● Task objective
From the first line to the last, give the records again exactly and skip the pictures.

● Information supplied
────────────────

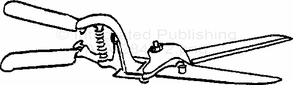 3.5 Type I. grass-cutting shears. The type I shears shall have a draw-type action whereby one blade moves toward and across the other stationary blade. The shears shall be equipped with an opening spring, positive stop(s) , and locking device. A pressure plate or similar device shall be used to keep the blades from separating under heavy pressure. The shears shall be similar to Figure 1 and comply with the following dimensions:
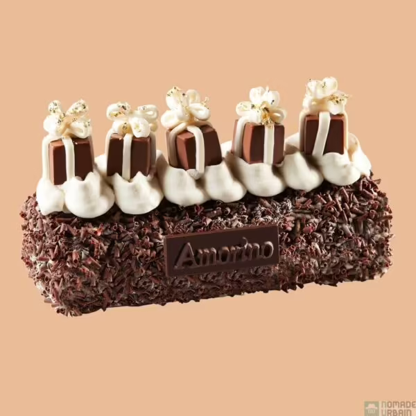 Trônent au dessus, des paquets cadeaux à la glace chocolat Amorino, rubans de chocolat blanc et feuilles d’or.
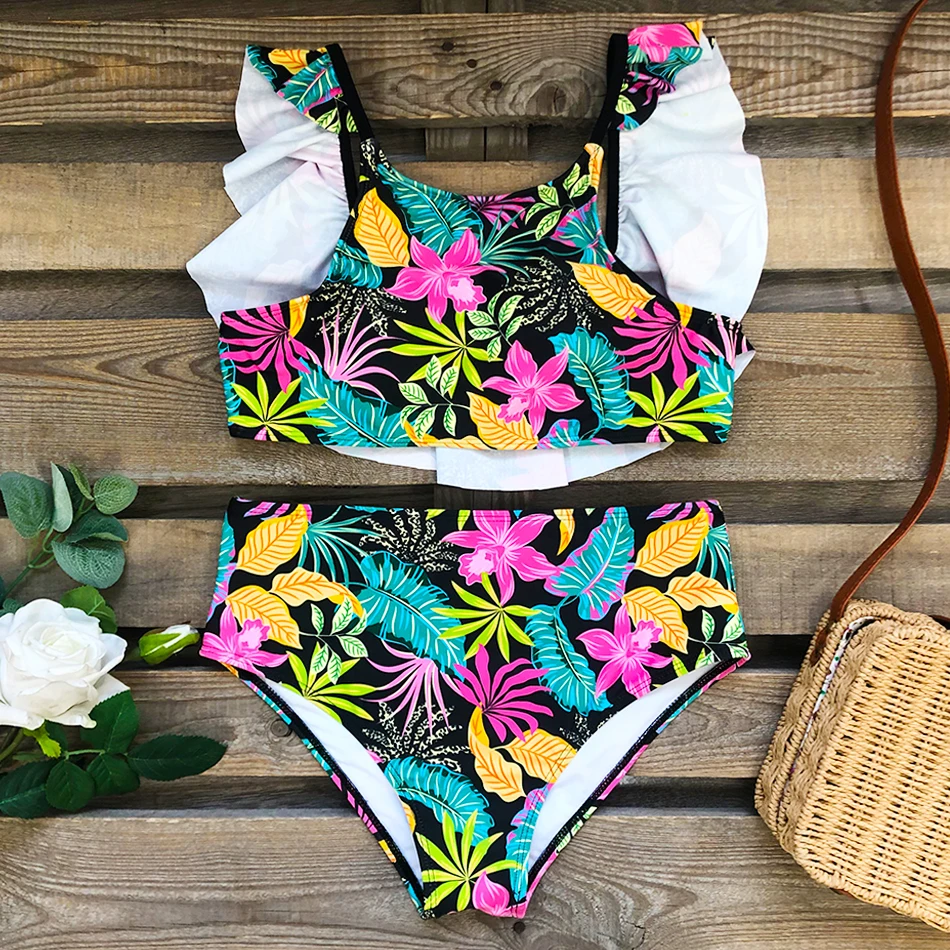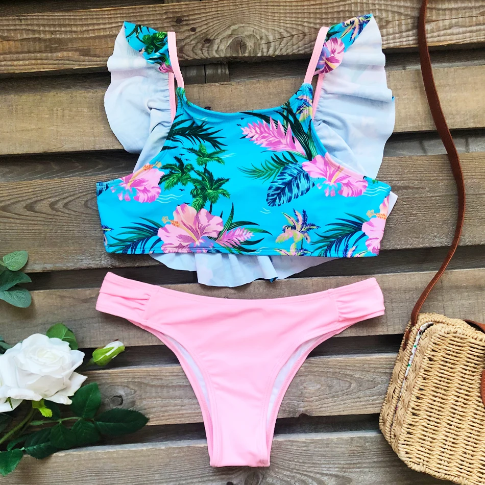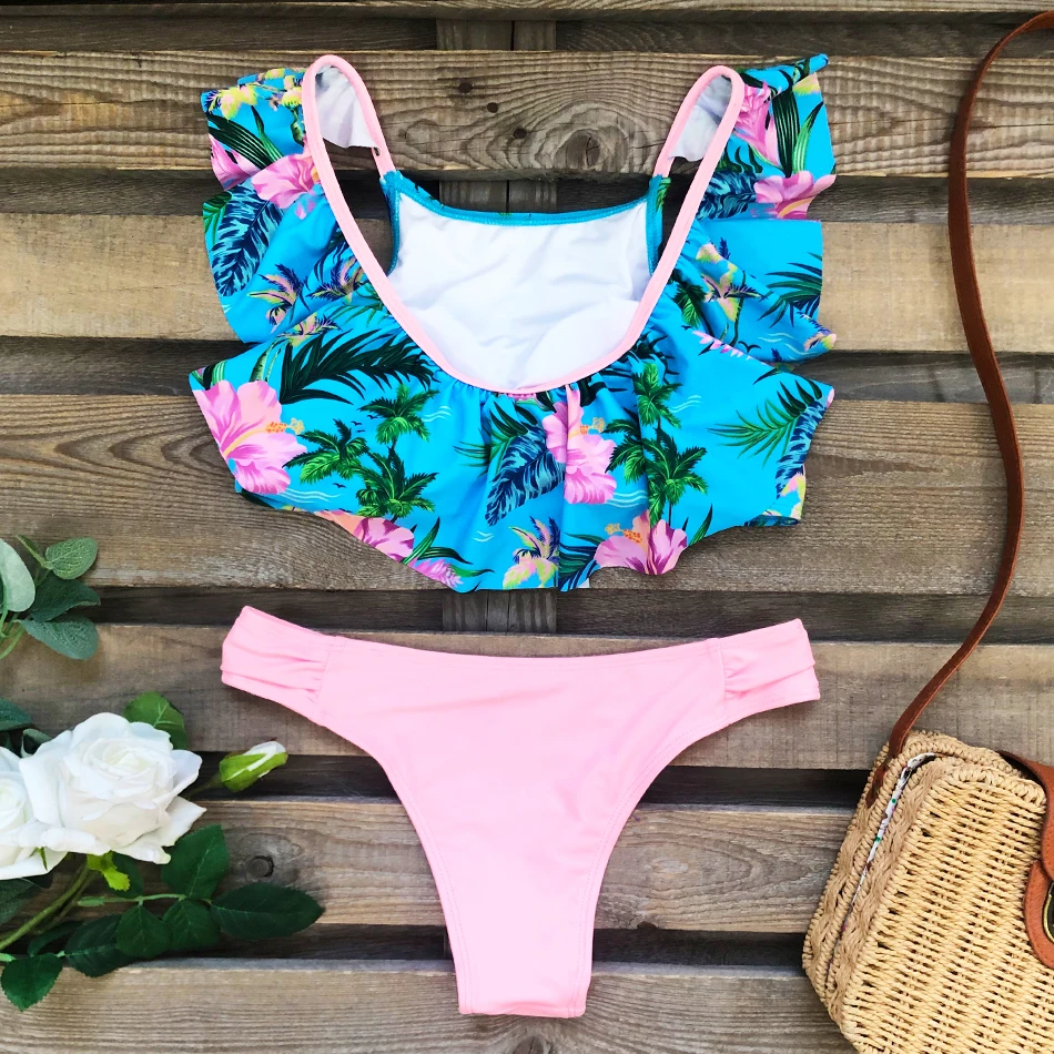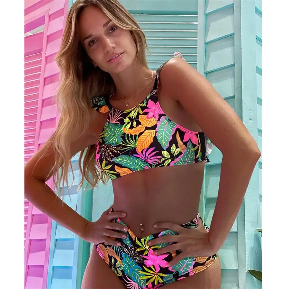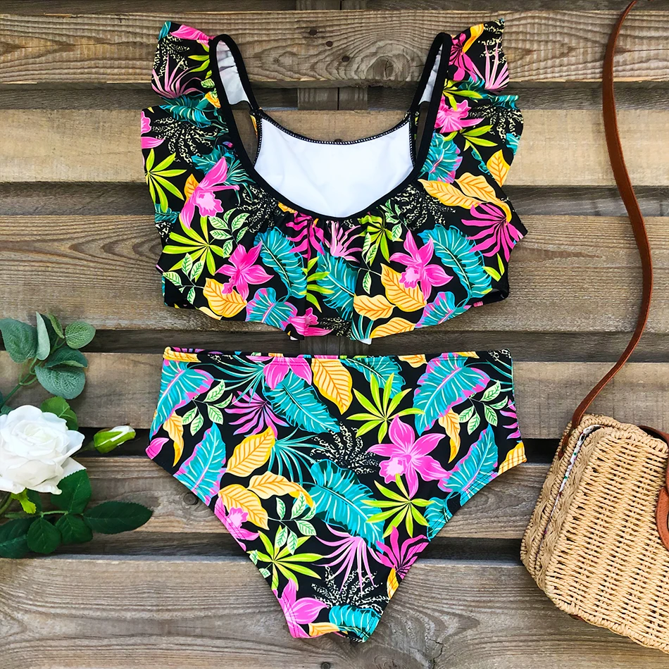 High Waist Bikinis Ruffle Bikini set Women's Swimsuit Push up Floral Two Piece Swimwear Bandeau Bikini Folk Style Natinal style
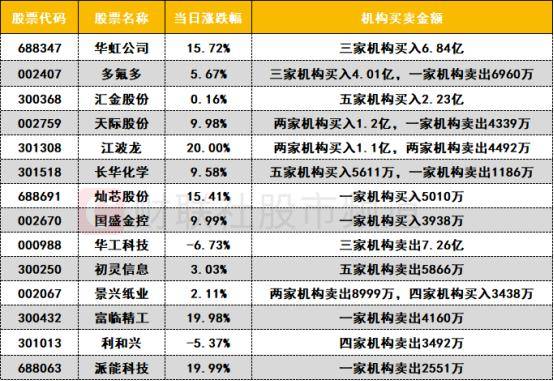 今日龙虎榜机构活跃度较高,买入方面,两只固态电池股获机构买入,其中多氟多获机构买入4.01亿,天际股份获机构买入1.2亿。存储芯片人气股江波龙获两家机构买入1.1亿,同时遭两家机构卖出4492万。芯片概念股华虹公司获机构买入6.84亿。
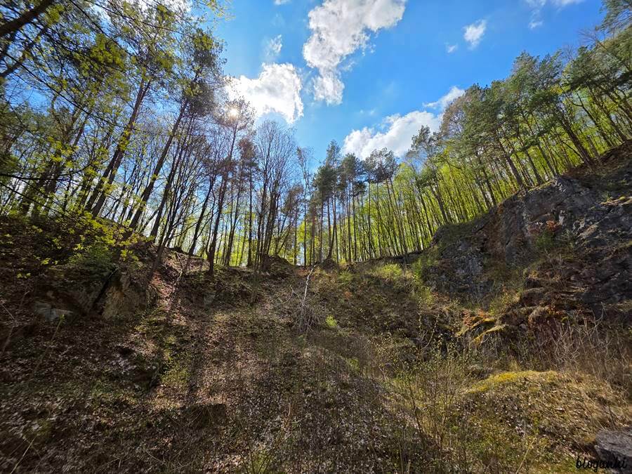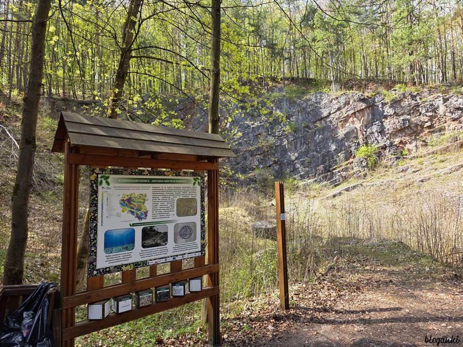 Przed Wami dłuży odcinek asfaltowy (ok 1,5 km) z pięknym widokiem na zamek w Chęcinach. Nad trasą S7 czeka Was kładka a później jeden z najciekawszych fragmentów trasy – przejście granią Góry Zelejowej, na której eksploatowano najcenniejszy „marmur kielecki” zwany różanką.
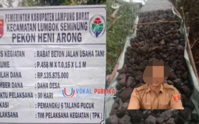 Lampung Barat, Vokalpublika.com – Setelah viral Peratin Pekon Heni Arong, Kecamatan Lumbok Seminung, Kabupaten Lampung Barat, Lampung di duga menggunakan material tidak sesuai spesifikasi pada pembangunan jalan rabat beton, namun hal itu justru menuai banyak sorotan dikalangan aktivis terutama Laskar Merah Putih Perjuangan (LMPP) Lampung Barat. Untuk Diketahui, Ketua LMPP dan tim melaporkan Peratin Pekon …
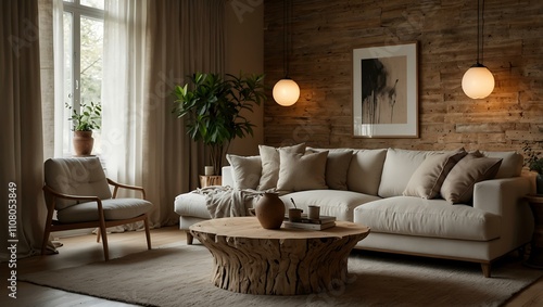 Neutral-toned, cozy living room with natural textures and soft lighting.
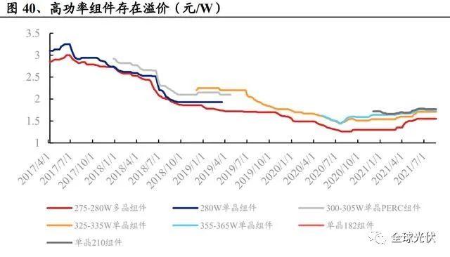 從最終組件端綜合成本來看,當(dāng)前 P-IBC 電池已經(jīng)具備成本優(yōu)勢,TOPcon 成本較 PERC 稍高,HJT 電池成本還需進(jìn)一步下降。溢價(jià):TOPcon 高效組件產(chǎn)品溢價(jià)約為 0.1 元/W。新型產(chǎn)品性價(jià)比除了考慮 絕對成本優(yōu)勢外,還需考慮高功率溢價(jià)優(yōu)勢。參考PVinfolink數(shù)據(jù),2017-2020年 間,單晶組件相對于多晶組件長期保持 8%-10%的價(jià)格溢價(jià),大尺寸(182及 210) 高功率組件產(chǎn)品相對于常規(guī)功率組件也能保持一定溢價(jià)。
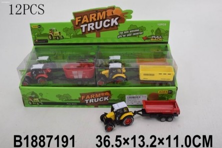 150303 - Машина инерц.металл. Трактор с прицепом №4 в/к (36,5см,12шт/шоу-бокс) 1887191
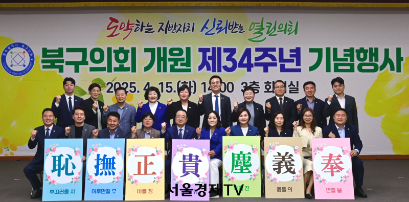 [서울경제TV 광주⋅전남=나윤상 기자] 광주 북구의회가 15일 북구청 3층 대회의실에서 개원 34주년 기념행사를 개최했다.

────────────────

● Expected output
 3.5 Type I. grass-cutting shears. The type I shears shall have a draw-type action whereby one blade moves toward and across the other stationary blade. The shears shall be equipped with an opening spring, positive stop(s) , and locking device. A pressure plate or similar device shall be used to keep the blades from separating under heavy pressure. The shears shall be similar to Figure 1 and comply with the following dimensions:
 Trônent au dessus, des paquets cadeaux à la glace chocolat Amorino, rubans de chocolat blanc et feuilles d’or.
 High Waist Bikinis Ruffle Bikini set Women's Swimsuit Push up Floral Two Piece Swimwear Bandeau Bikini Folk Style Natinal style
 今日龙虎榜机构活跃度较高,买入方面,两只固态电池股获机构买入,其中多氟多获机构买入4.01亿,天际股份获机构买入1.2亿。存储芯片人气股江波龙获两家机构买入1.1亿,同时遭两家机构卖出4492万。芯片概念股华虹公司获机构买入6.84亿。
 Przed Wami dłuży odcinek asfaltowy (ok 1,5 km) z pięknym widokiem na zamek w Chęcinach. Nad trasą S7 czeka Was kładka a później jeden z najciekawszych fragmentów trasy – przejście granią Góry Zelejowej, na której eksploatowano najcenniejszy „marmur kielecki” zwany różanką.
 Lampung Barat, Vokalpublika.com – Setelah viral Peratin Pekon Heni Arong, Kecamatan Lumbok Seminung, Kabupaten Lampung Barat, Lampung di duga menggunakan material tidak sesuai spesifikasi pada pembangunan jalan rabat beton, namun hal itu justru menuai banyak sorotan dikalangan aktivis terutama Laskar Merah Putih Perjuangan (LMPP) Lampung Barat. Untuk Diketahui, Ketua LMPP dan tim melaporkan Peratin Pekon …
 Neutral-toned, cozy living room with natural textures and soft lighting.
 從最終組件端綜合成本來看,當(dāng)前 P-IBC 電池已經(jīng)具備成本優(yōu)勢,TOPcon 成本較 PERC 稍高,HJT 電池成本還需進(jìn)一步下降。溢價(jià):TOPcon 高效組件產(chǎn)品溢價(jià)約為 0.1 元/W。新型產(chǎn)品性價(jià)比除了考慮 絕對成本優(yōu)勢外,還需考慮高功率溢價(jià)優(yōu)勢。參考PVinfolink數(shù)據(jù),2017-2020年 間,單晶組件相對于多晶組件長期保持 8%-10%的價(jià)格溢價(jià),大尺寸(182及 210) 高功率組件產(chǎn)品相對于常規(guī)功率組件也能保持一定溢價(jià)。
 150303 - Машина инерц.металл. Трактор с прицепом №4 в/к (36,5см,12шт/шоу-бокс) 1887191
 [서울경제TV 광주⋅전남=나윤상 기자] 광주 북구의회가 15일 북구청 3층 대회의실에서 개원 34주년 기념행사를 개최했다.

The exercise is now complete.